“How can you feel so much for another person, a complete stranger?”
Recently this question was posed in my Abnormal Psychology class. It resonated with me because it seems to articulate one of the most significant obstacles in the
complex world of abortion, which is that we see each other as separate.
"She is different," the woman says, who is 6 weeks and was in the waiting room with another woman who is "showing." "How can she do that to a baby?"
"They aren't like me. I am 40 and done having children. I've never planned on coming here," she explains, as if all other patients have visions of their reprodutive futures.
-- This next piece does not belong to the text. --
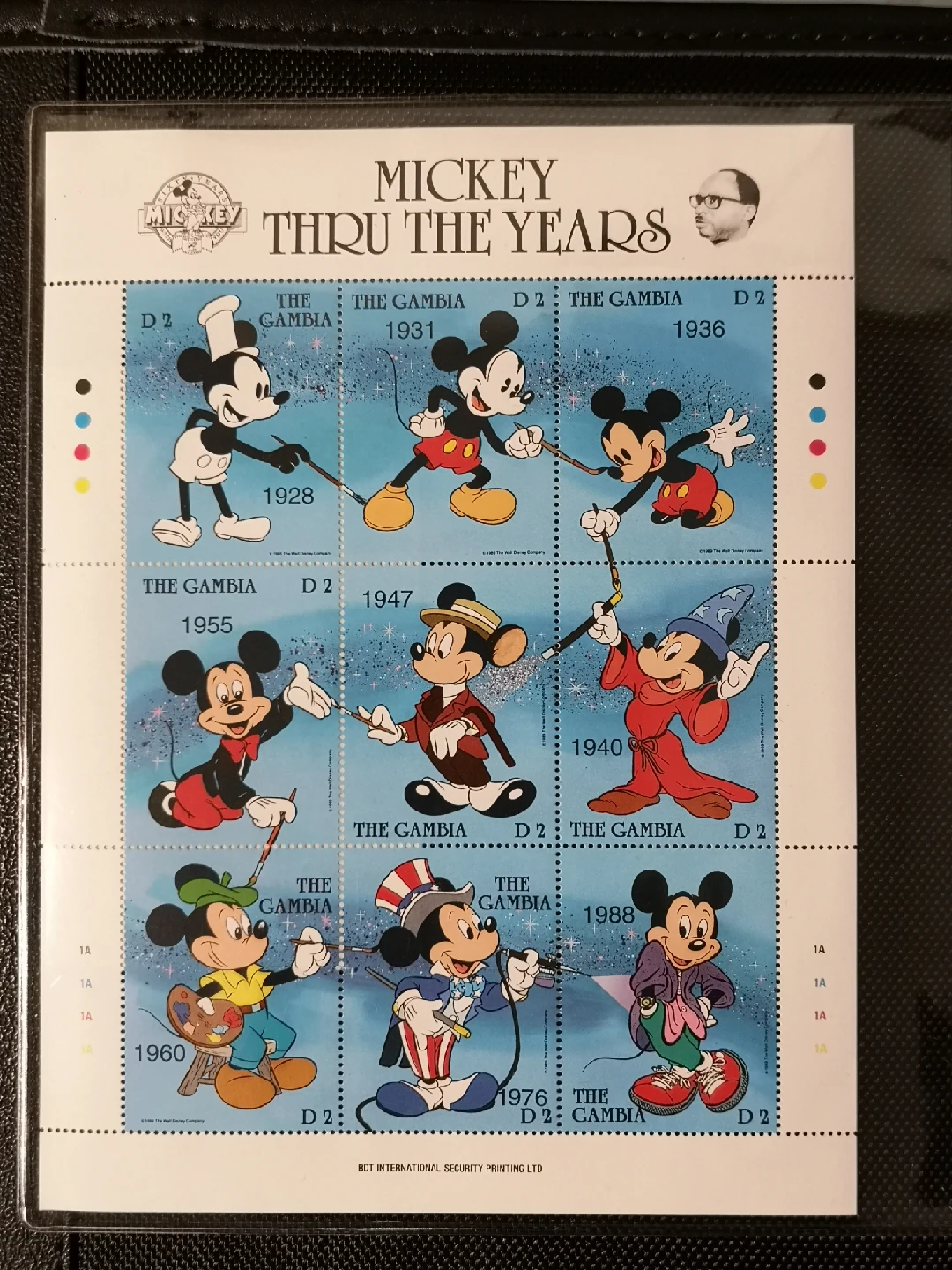9 Disney Stamps ~ Micky Mouse ~Gambia Collector's Sheet~DM1

"I am different than them. I care," she tells me, angered by patients in the waiting room who have the nerve to laugh in an abortion clinic.
Nobody plans to have an abortion at 22 weeks, or at 40 years old. The way people deal with having to make tough decisions is not uniform; some laugh, others cry, and a few might not even acknowledge the difficulty of making such decisions until years later.
When I began training for my job, I also wondered what it would be like to talk about intimate details of a "stranger's" life. When I found myself invested in the most essential part of my job, though--making sure patients are listened and attended to--all such reservations disappeared.
I suppose what I'm saying can be put into two words: Trust women.
Sympathize, imagine, discuss, do what you have to do--but I am as you are.
There are differences among us, such as class, race, and most importantly in this case, gender, but we all want to feel like we are creating happy and fulfilling lives for ourselves and those we love.
If we are supplying someone else's ability to live, and decide we cannot continue to do such, know that it isn't easy--but it's also not your place to judge. At the risk of sounding preachy, let go of that which you cannot control (and how sad it is that control over women's bodies has become sanctioned by law).
If I had to identify the single most important thing abortion care has taught me in the precious 13 months I have been benfitting from it, it is that we should never judge others, for we never know another person's story, unless we ask.